IRVINE, Calif., Sept. 8, 2011 /PRNewswire/ -- Newport Corporation (NASDAQ: NEWP) and Ophir Optronics Ltd. (TASE: OPIR) today provided an update regarding the status of the acquisition of Ophir by Newport. The two companies reported that the shareholders of Ophir have approved the transaction and that all required regulatory approvals have been received. The acquisition is expected to close in early October 2011, subject to satisfaction of the remaining closing conditions, as set forth in the Merger Agreement.

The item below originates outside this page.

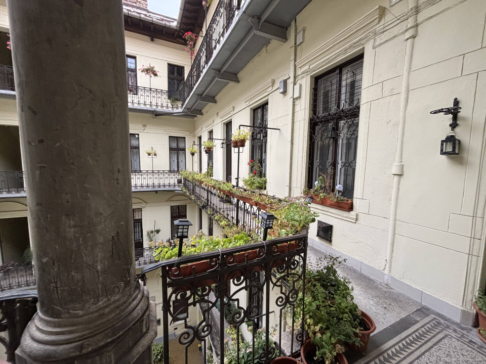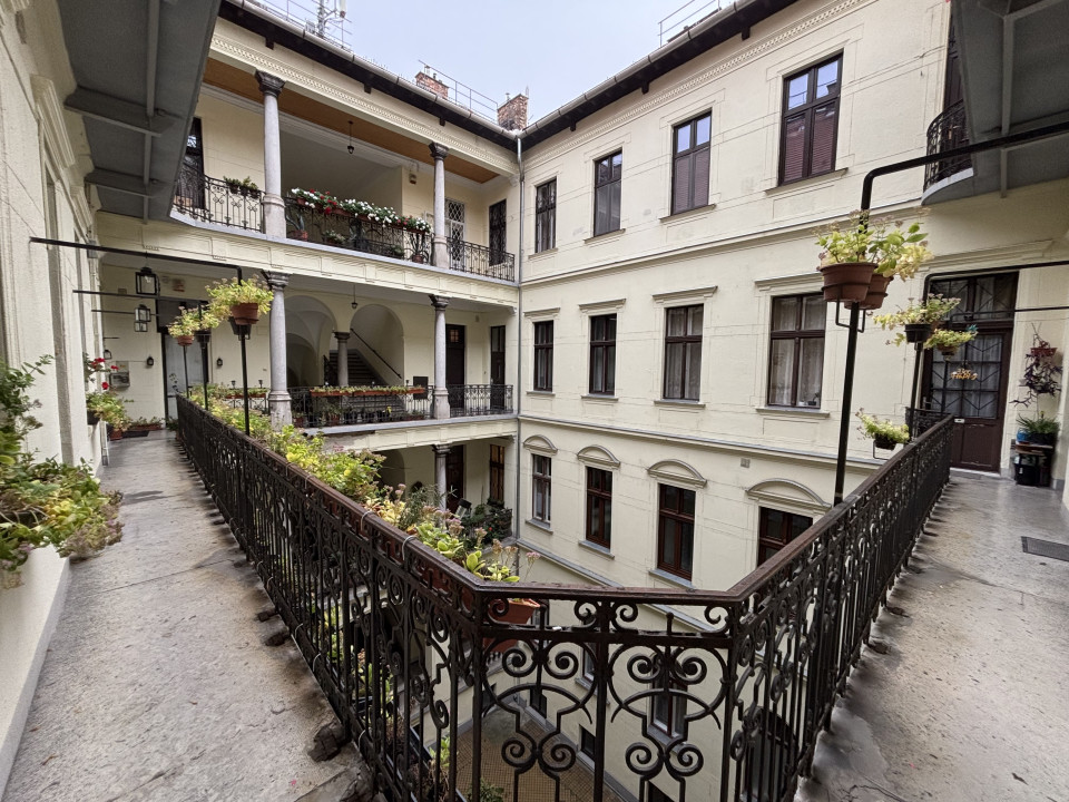 A homlokzat klasszikus részletei, a díszes kapualj és az eredeti lépcsőház mind a korszak hangulatát idézik, miközben jó állapotban maradtak fenn. A belső udvar tágas és rendezett, a körfolyosók stabil, felújított szerkezetűek, kovácsoltvas korlátokkal és hangulatos fényviszonyokkal.

Robert J. Phillippy, Newport's President and Chief Executive Officer, said, "We are pleased that we are making excellent progress toward closing this transaction, and we are very excited to have Ophir join the Newport team."
ABOUT NEWPORT CORPORATION
Newport Corporation (www.newport.com) is a leading global supplier of advanced-technology products and systems to customers in the scientific research, aerospace and defense/security, microelectronics, life and health sciences and precision industrial manufacturing markets. Newport's innovative solutions leverage its expertise in photonics technologies, including lasers, photonics instrumentation, sub-micron positioning systems, vibration isolation, optical components and subsystems and precision automation, to enhance the capabilities and productivity of its customers' manufacturing, engineering and research applications. Newport is part of the Standard & Poor's SmallCap 600 Index and the Russell 2000 Index.
ABOUT OPHIR OPTRONICS
Ophir Optronics (www.ophiropt.com) develops, manufactures and markets electro-optic systems, photonics instrumentation and 3D noncontact measurement systems. Ophir is a global company with six manufacturing facilities around the world, three in Israel and three in the U.S., with its worldwide sales and marketing network encompassing seven subsidiaries in Israel, the U.S., Japan, and Europe and more than 100 distributors and agents that are spread over more than 30 countries.
SAFE HARBOR STATEMENT
This news release contains forward-looking statements within the meaning of the Private Securities Litigation reform Act of 1995, including without limitation statements regarding the expected timing of closing the transaction. Without limiting the generality of the foregoing, words such as "may," "will," "expect," "believe," "anticipate," "intend," "could," "estimate" or "continue" or the negative or other variations thereof or comparable terminology are intended to identify forward-looking statements. In addition, any statements that refer to expectations, projections or other characterizations of future events or circumstances are forward-looking statements. Assumptions relating to the foregoing are inherently speculative and involve judgments and risks with respect to a number of matters that are difficult or impossible to predict accurately and many of which are beyond the control of Newport and Ophir. Certain of these judgments and the types of risks that may impact future results or circumstances are discussed in more detail in Newport's Form 10-K for the year ended January 1, 2011 and in Ophir's Annual Report filed with the Israeli Securities Authority for the year ended December 31, 2010. Although Newport believes that the assumptions underlying the forward-looking statements in this press release are reasonable, any of the assumptions could prove inaccurate, and future events and results may differ materially from current projections or expectations as described in this press release. Therefore, there can be no assurance that the results contemplated in the forward-looking statements will be realized. In light of the significant uncertainties inherent in the forward-looking information included herein, the inclusion of such information should not be regarded as a representation by Newport or any other person that results set forth in such forward-looking statements will be achieved. Newport also undertakes no obligation to revise the forward-looking statements contained herein to reflect events or circumstances after the date hereof or to reflect the occurrence of unanticipated events, except to the extent expressly required by applicable law.